## Exercise aim
The response consists of the lines from the start of the material below through the line holding "Bude Amblers –", repeated word for word and without pictures.

## Information supplied
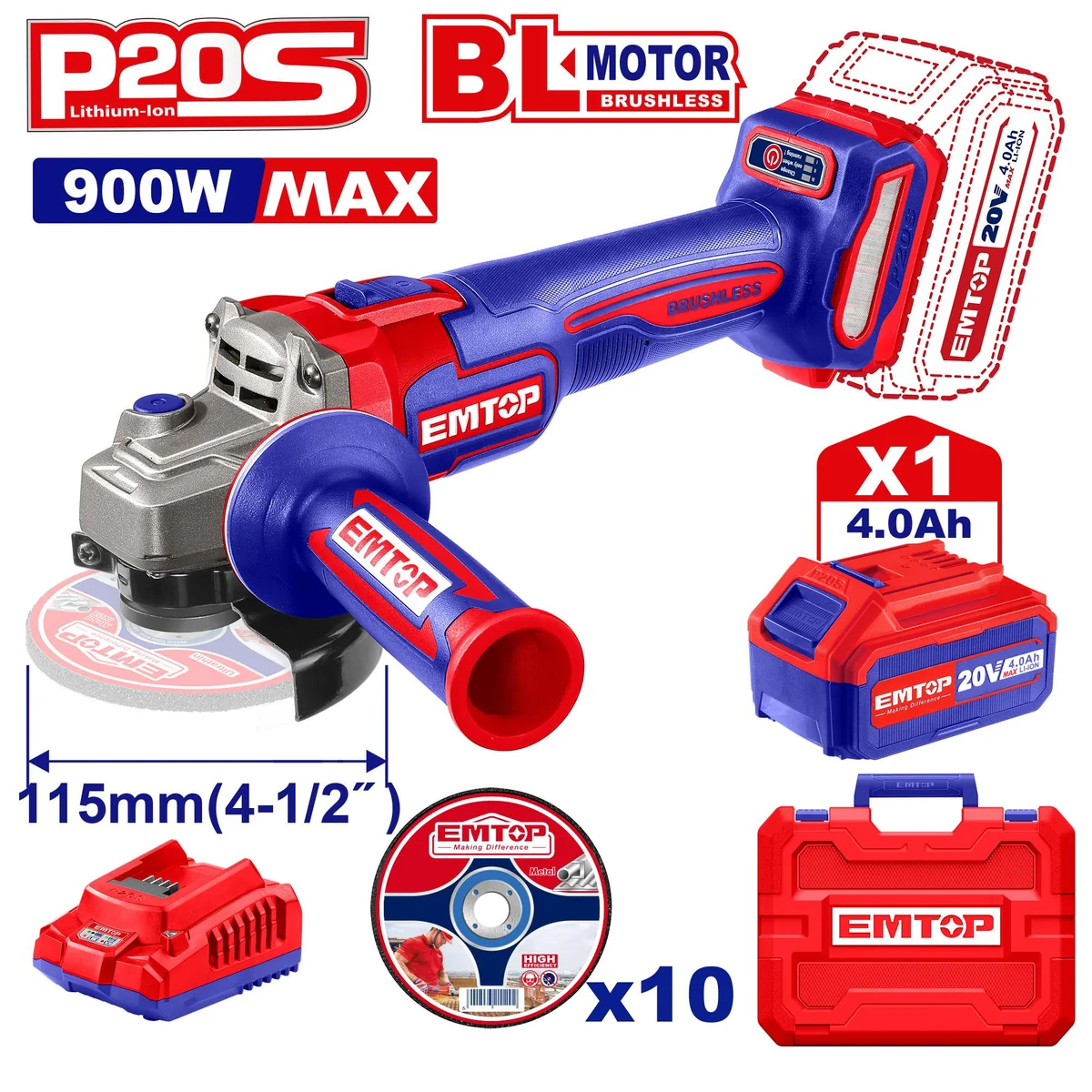 Аккумуляторная угловая шлифмашина EMTOP ELAG211541 предназначена для различных работ по металлу и другим материалам.
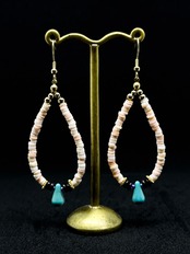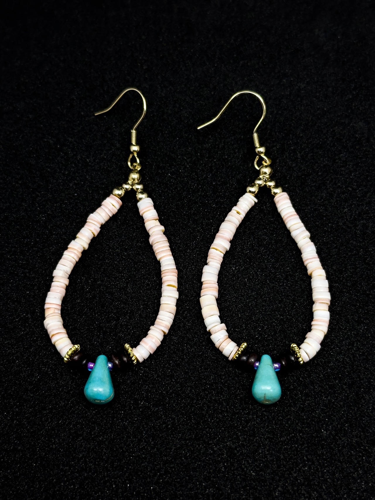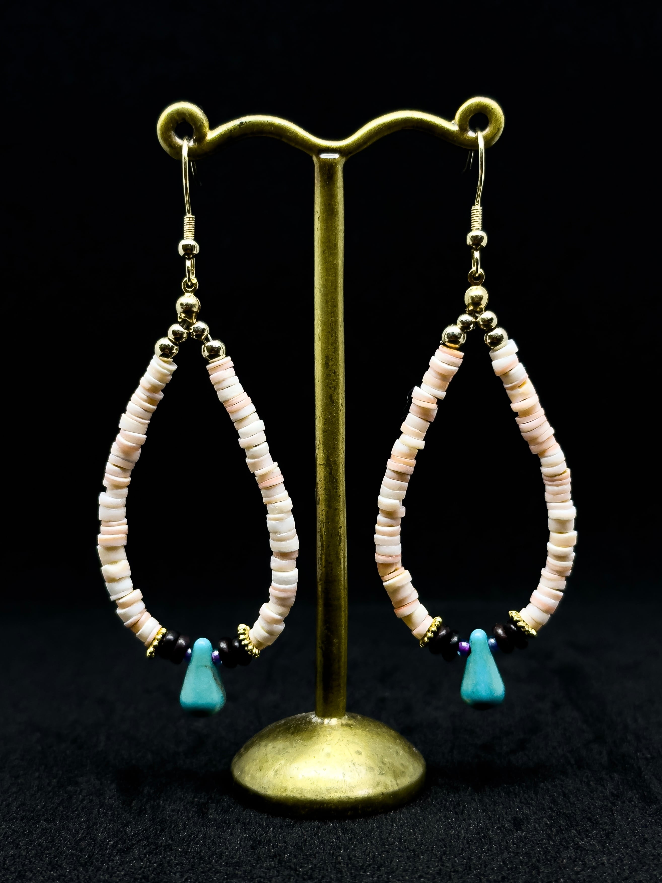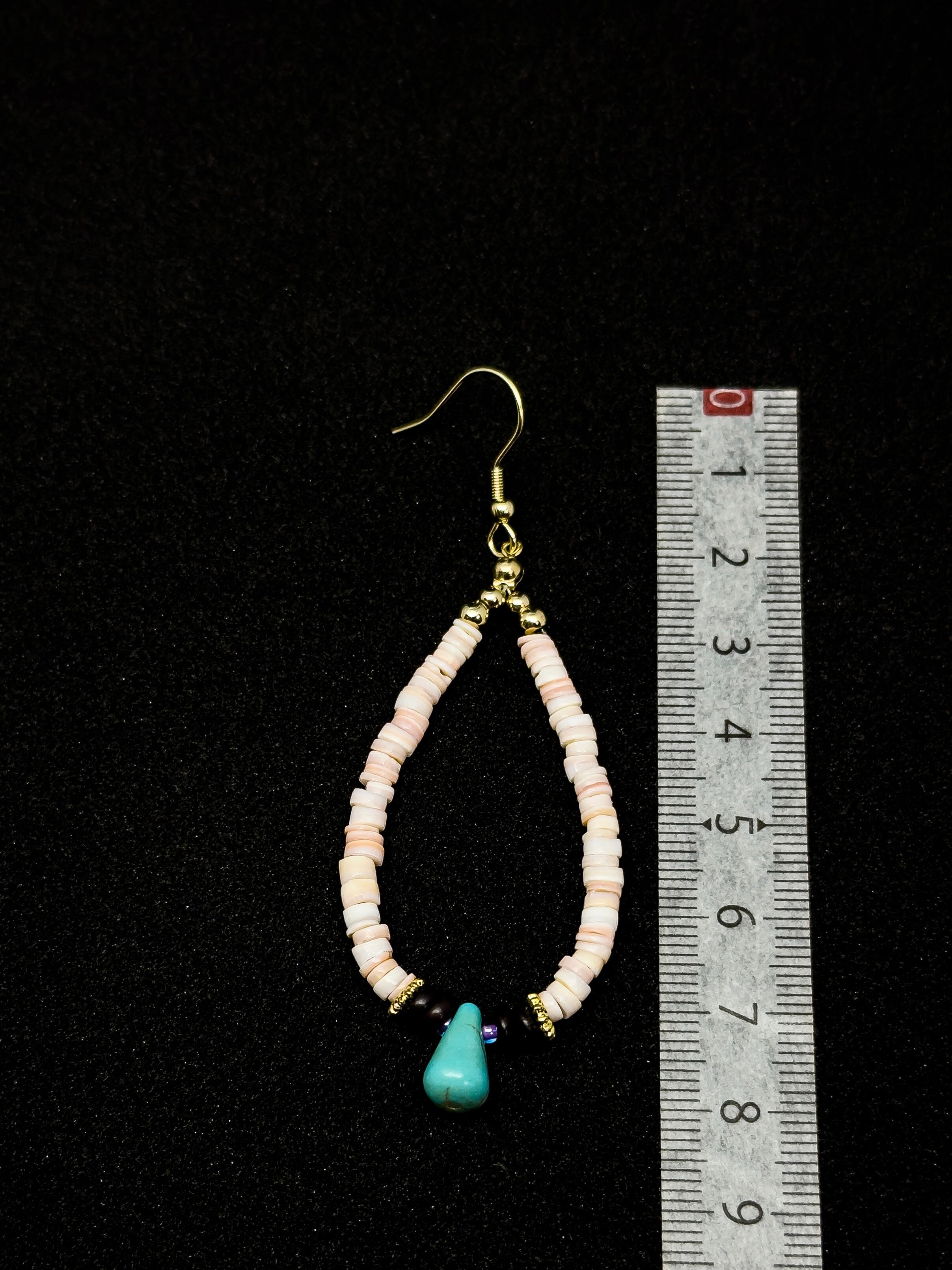ホワイト×ピンクが可愛いシェルに、まるでターコイズのようなドロップビーズがアクセントの夏のデイリーアクセサリーです。
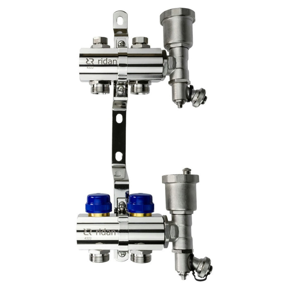 Коллекторная группа FHF-R, на 2 выхода, с воздухоотводчиками, с кронштейнами, Ридан 088U0702R
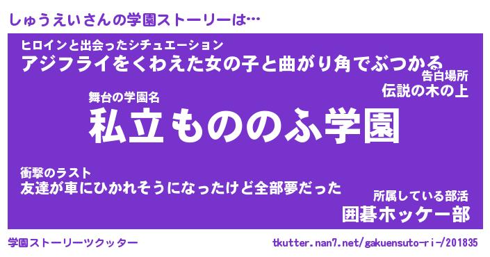 | 男性向けラノベタイトル風あだ名 | 『しゅうえいの憂鬱』 |
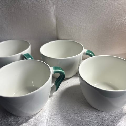 Kähler kopper i stribet design i flere farver. Kopperne er fremstillet i porcelæn og har vandrette striber i forskellige farvekombinationer.
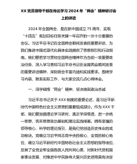 XX党员领导干部在传达学习2024年“两会”精神研讨会上的讲话2024年全国两会,是在新中国成立75周年、实现“十四五”规划目标任务关键一年召开的一次十分重要的会议。习近平总书记在全国两会期间发表的重要讲话,为我们推进中国式现代化具体实践提供了思想指引和行动指南。我们要把学习贯彻全国两会精神作为当前一项重要政治任务,深入学习贯彻习近平总书记在全国两会期间发表的重要讲话精神,深刻领会丰富内涵和实践要求。围绕学习内容,联系实际工作,与大家交流几点心得体会。一、深学细悟“两会”精神,坚决做到政治忠诚习近平总书记关于XXX制度的重要论述,是习近平新时代中国特色社会主义思想的重要组成部分。作为XXX干部...
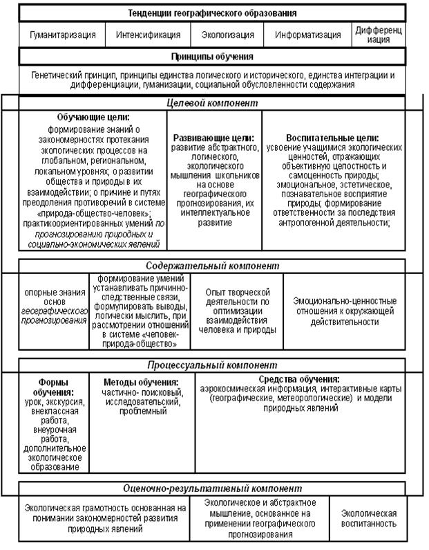 Таким образом, была сконструирована модель методики использования элементов географического прогнозирования в процессе экологической подготовки школьников при обучении географии, существенным моментом которой явилось единство целевого, содержательного, процессуального и оценочно-результативного компонентов.
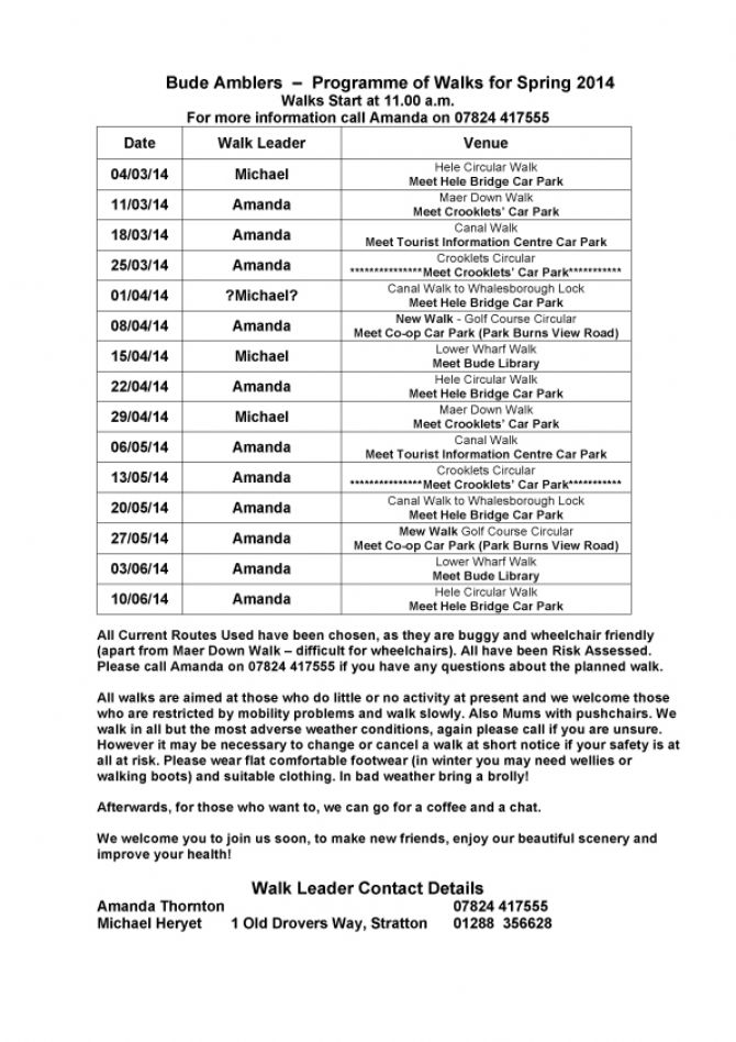 Bude Amblers – Programme of Walks for Spring 2014
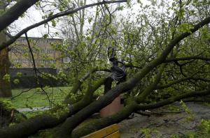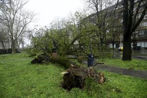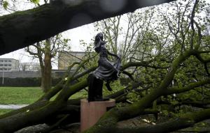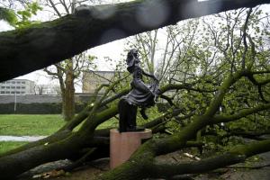Zagreb, 27.03.2026 - Stablo ostetilo skulpturu 5. studeni, poznatu i kao spomenik Romkinji...
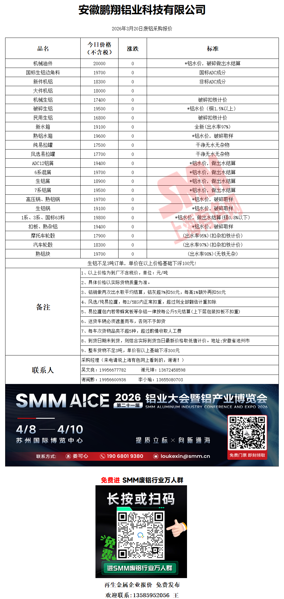 今日安徽鹏翔 废铝采购报价已更新,有货的朋友欢迎联系我们!
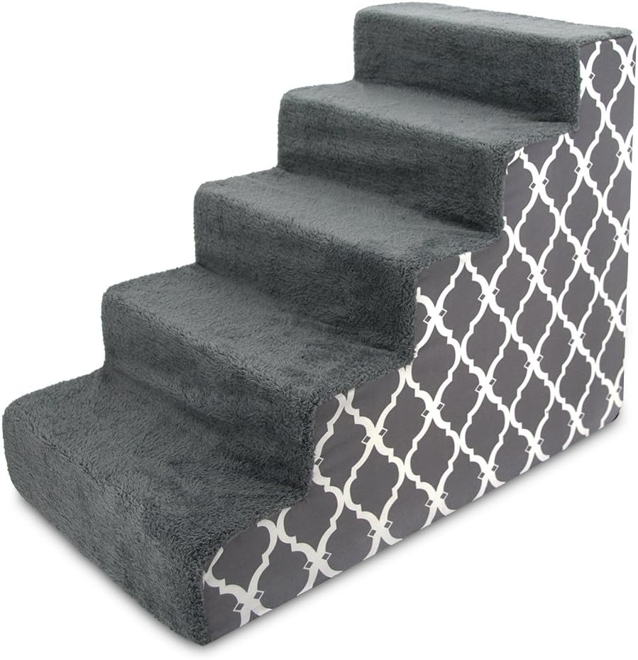 Best Pet Supplies Dog Stairs & Steps – Foam Steps for Small Dogs & Cats, Non-Slip Indoor Balanced Pet Step Support, Dog Ramp, No Assembly, Gray Lattice Print, 5-Step
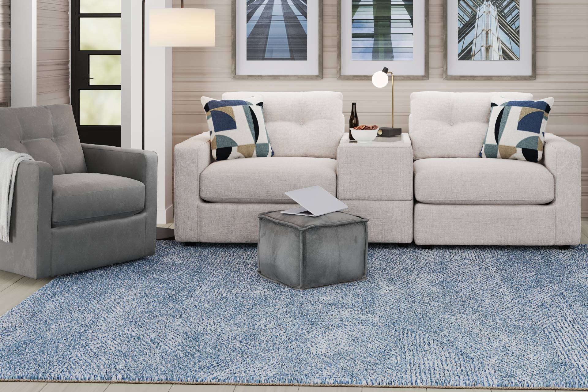 Discover the limitless possibilities of the Drew & Jonathan ModularOne, thoughtfully designed with comfort and flexibility in mind. This customizable seating solution features individual pieces that can be configured to any shape your room needs. Game days, movie nights, sleepovers, and everyday relaxation are all better when the seating arrangement you want is always right at your fingertips. Each individual piece is upholstered on all sides in our signature fabric, Miller. This textured, oyster colored fabric includes Repreve yarn, made with recycled plastic bottles. The dual seating area has welted track arms, top-stitched seat cushions and button-tufted back cushions for an elegant silhouette. A center console provides hidden storage and doubles as a side table with a sleek acrylic top. A matching pillow provides the perfect final touch. Includes LAF chair, console and RAF chair. Visit a showroom to learn more about individual components and to work with a sales specialist to customize your own configuration today.
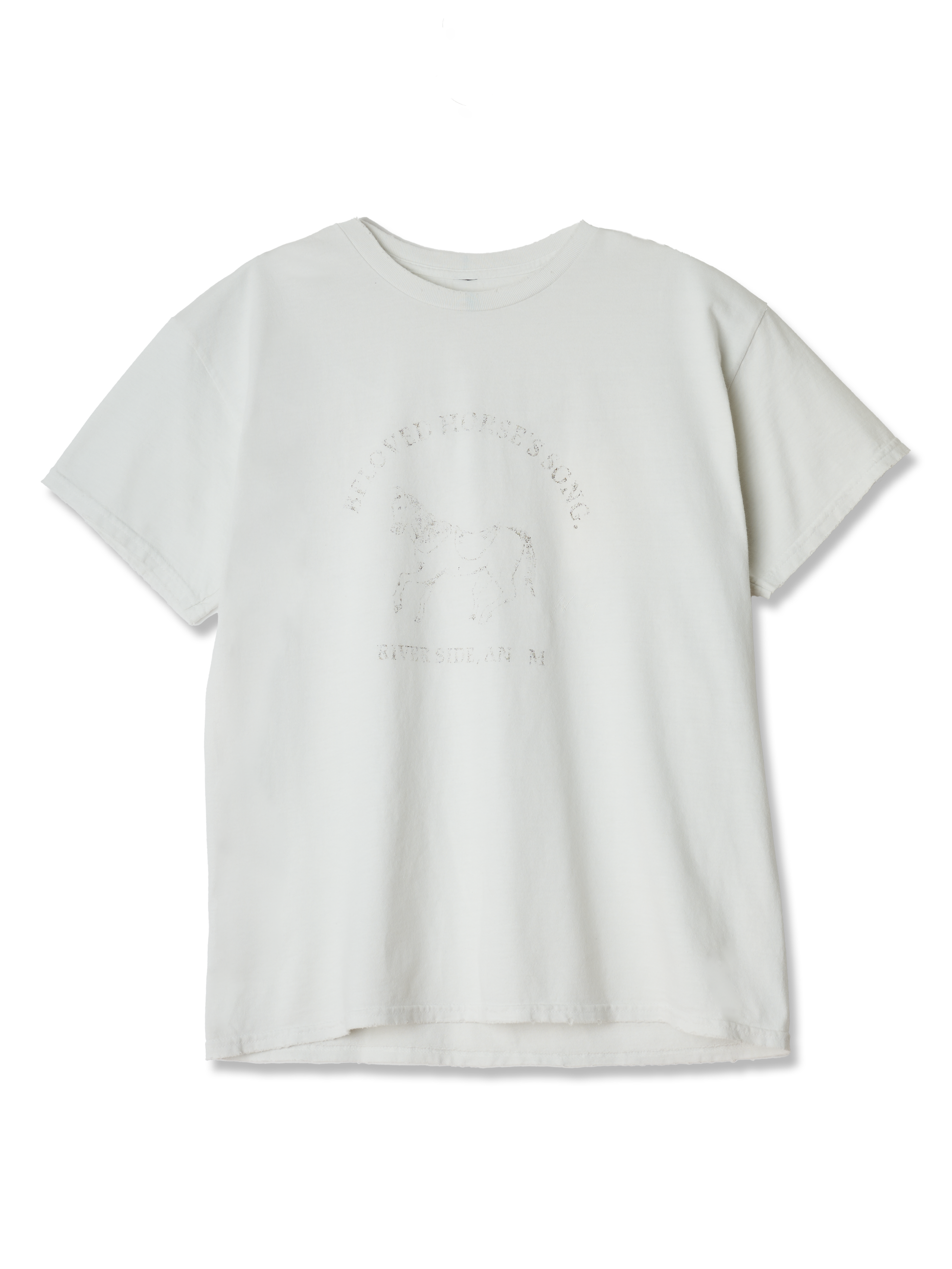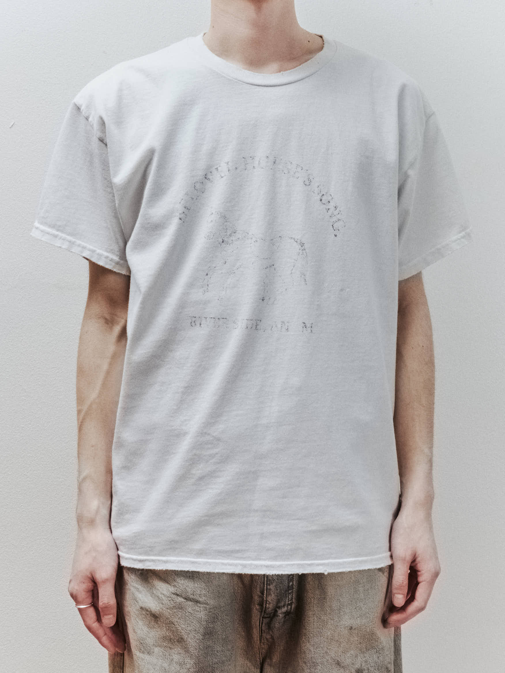 着古したように掠れた風合いでプリントを載せ、染色と加工でグラフィックを馴染ませる。

## Problem solution
 Аккумуляторная угловая шлифмашина EMTOP ELAG211541 предназначена для различных работ по металлу и другим материалам.
ホワイト×ピンクが可愛いシェルに、まるでターコイズのようなドロップビーズがアクセントの夏のデイリーアクセサリーです。
 Коллекторная группа FHF-R, на 2 выхода, с воздухоотводчиками, с кронштейнами, Ридан 088U0702R
 | 男性向けラノベタイトル風あだ名 | 『しゅうえいの憂鬱』 |
 Kähler kopper i stribet design i flere farver. Kopperne er fremstillet i porcelæn og har vandrette striber i forskellige farvekombinationer.
 XX党员领导干部在传达学习2024年“两会”精神研讨会上的讲话2024年全国两会,是在新中国成立75周年、实现“十四五”规划目标任务关键一年召开的一次十分重要的会议。习近平总书记在全国两会期间发表的重要讲话,为我们推进中国式现代化具体实践提供了思想指引和行动指南。我们要把学习贯彻全国两会精神作为当前一项重要政治任务,深入学习贯彻习近平总书记在全国两会期间发表的重要讲话精神,深刻领会丰富内涵和实践要求。围绕学习内容,联系实际工作,与大家交流几点心得体会。一、深学细悟“两会”精神,坚决做到政治忠诚习近平总书记关于XXX制度的重要论述,是习近平新时代中国特色社会主义思想的重要组成部分。作为XXX干部...
 Таким образом, была сконструирована модель методики использования элементов географического прогнозирования в процессе экологической подготовки школьников при обучении географии, существенным моментом которой явилось единство целевого, содержательного, процессуального и оценочно-результативного компонентов.
 Bude Amblers – Programme of Walks for Spring 2014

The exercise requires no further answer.